TreeToReads
TreeToReads copied to clipboard
output VCF of SNPs
There's some oddness going on with the sim.vcf file that TTR outputs:
Each row after the header rows seems to be broken by an extra line break between the ALT field and the QUAL field.
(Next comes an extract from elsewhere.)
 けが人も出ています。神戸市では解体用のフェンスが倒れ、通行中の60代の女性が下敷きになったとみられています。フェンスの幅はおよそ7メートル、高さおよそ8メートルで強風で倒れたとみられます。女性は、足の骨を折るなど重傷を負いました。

I'll post a fix if I can find where this is happening.
e.g.
##fileformat=VCFv4.0
##FORMAT=<ID=GT,Number=1,Type=String,Description="Genotype">
#CHROM POS ID REF ALT QUAL FILTER INFO FORMAT 20XX-06299 20XX-06660 20XX-08288 20XX-15107 20XX-15253 20XX-06769 20XX-14784 Reference 20XX-08336 20XX-10255 20XX-08874 20XX-09721 20XX-12844 20XX-15225 20XX-11321 20XX-06179
NC_016856.1 random 10Kb of NC_016856.1 chromosome 1192 . A C
40 PASS . GT 0 0 0 0 0 0 1 0 0 0 0 0 0 00 0
NC_016856.1 random 10Kb of NC_016856.1 chromosome 3094 . C T
40 PASS . GT 0 0 0 0 0 0 0 0 1 1 1 0 0 00 0
Found it!
lines 915:916 in treetoreads.py:
fi.write('''{chrm}\t{loc}\t.\t{refbase}\t{altbase}
\t40\tPASS\t.\tGT\t{vars}\n'''.format(chrm=contig_name,
...should be on a single line like this:
fi.write('''{chrm}\t{loc}\t.\t{refbase}\t{altbase}\t40\tPASS\t.\tGT\t{vars}\n'''.format(chrm=contig_name,
This renders the sim.vcf output into a valid ..vcf-shape that plays nice with e.g. vcftools.